You probably noticed that your embouchure felt great when you blocked buzzed, even though you were using a lot of mouthpiece pressure. Mouthpiece pressure has no impact on a mechanically sound embouchure, and your embouchure works perfectly in blocked buzzing not because you are blowing against resistance but because of the way it physically prepared and set itself to block buzz. When a player block buzzes, his embouchure sets with the controlled muscle tension and structure of normal, healthy playing.

Embouchure rehabilitation generally takes many weeks to many months to complete. There is no set timetable because every player is different. The good news is: every embouchure injury is reversible.
 
 

Comments (Click to Hide)

Seeking help about an embouchure condition. Anyone out there with ideas please let me know. My problem is different, and I don't know if I should be worried or not.
I have played Trombone, Euphonium and Tuba for many years, and I'm 38 years old.
I just recently started playing French Horn to help out our local community band.
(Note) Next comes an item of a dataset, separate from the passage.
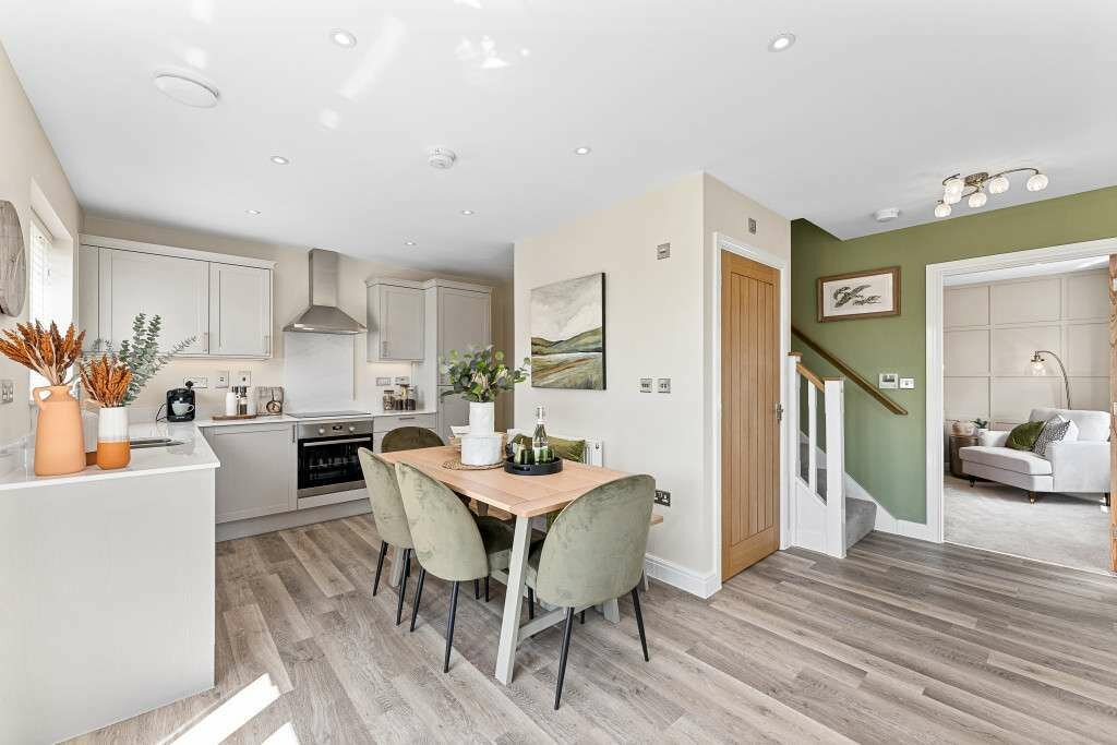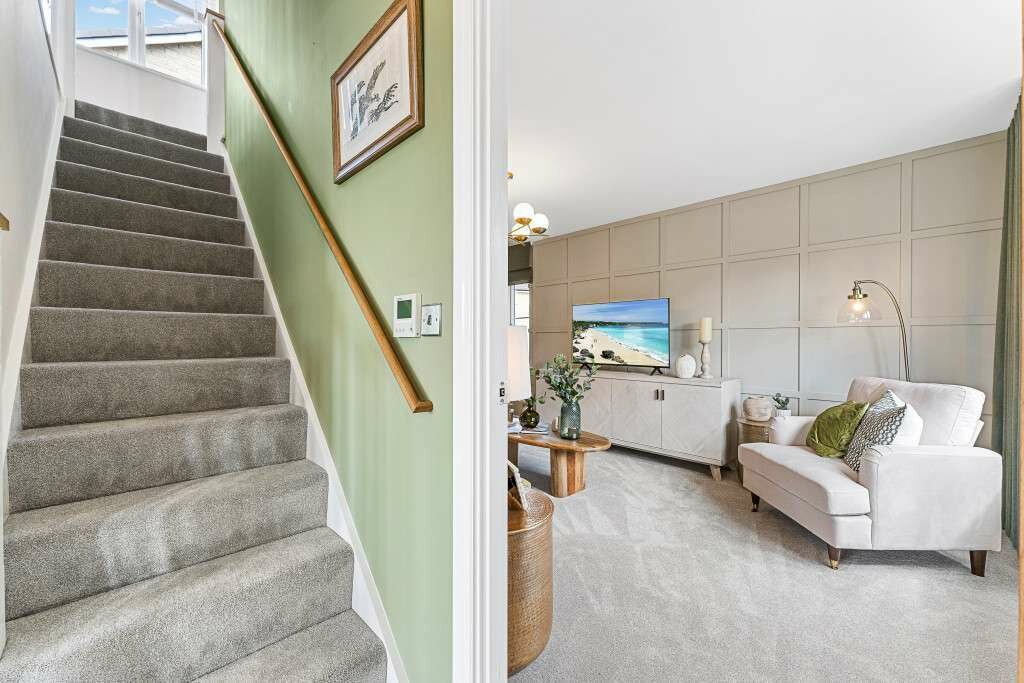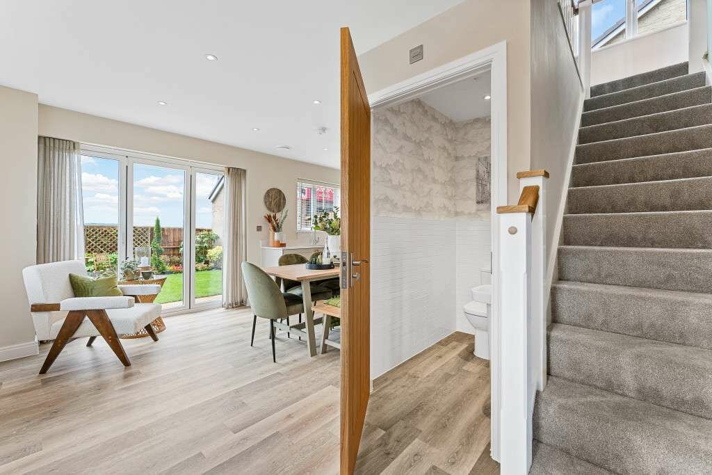 Designed with modern family living in mind, the layout of the open plan kitchen/dining room allows you to keep a close eye on homework duties, while catching up over a cuppa with friends and family. This flexible open plan space offers you an area to comfortably work from home, without impacting on your family living space. French doors lead to the garden, creating a light, bright and airy home. You’ll also find handy storage underneath the stairs, to hide away the less glamorous parts of your home.

I've discovered that there is a set of muscles in my cheeks that are being worked for the first time that were not used as much playing low brass. I've been playing Horn for about 3 months now, at least once a week. Within the last week, those muscles have become permanently sore, and hurt when I smile. I've heard of permanent injuries to the cheek muscles that put trumpet players out of business, so I thought I should be asking questions. I'm still able to play, but I don't know if I should lay off for a while, or what therapy is recommended.
If you have any advice, I'd be happy to hear it. If you know of someone I should talk with, please let me know.
Thanks so much,
Brian Bergman,
Astoria, Oregon
tubabug on February 10, 2019 at 6:37 PM
Hi Brian-

I think Cindy Lewis's ideas are good, but don't get too far ahead of yourself. You don't mention if you've taken any lessons from a horn player-- the horn is really drastically different from the low brass instruments you are accustomed to playing. I think the first step is to find a horn teacher in the area, perhaps someone who works primarily with beginners and explain your situation to them. In my experience, those are the teachers who know what to look for in an embouchure, and how to start a player off "right." They might be able to give you the minor tips you need for a healthy, functioning embouchure. You also don't mention if you are switching between the instruments on a weekly basis, which might create some sort of "chop confusion." While the large concepts are greatly the same (buzz and blow!) the mouthpieces are not. I am a horn player, and haven't ever played low brass instruments, but I think that you will have to think of a narrower stream of air than on the tuba and trombone. Just based on what you've written, I'm going to guess that you may be over-engaging your cheek muscles in an attempt to vibrate a larger portion of your embouchure to force "too much air" through the horn. I don't think you are broken by any means, but do proceed with caution. Good luck!

L.
phillyhorn on February 12, 2019 at 10:46 AM
Hi!
I need help on how to recover from my injury. I got it about a month and a half ago from a festival band. Since then I havent been able to take a serious break because of rehearsals and concerts. At this point my embouchure is pretty bad, to the point that air is leaking out between my corners and my embouchure. My range, which went up and a above a high c is now only up to an a flat. It also feels like I have a small indentation on the left side of my embouchure, probably from too much mouthpiece pressure. I know I need to equalize the mouthpiece on my lip, but I don't know what to do to get back into playing shape. I'm going to college next year for horn, and I'm terrified of having to start in the shape that I'm in. PLEASE help me.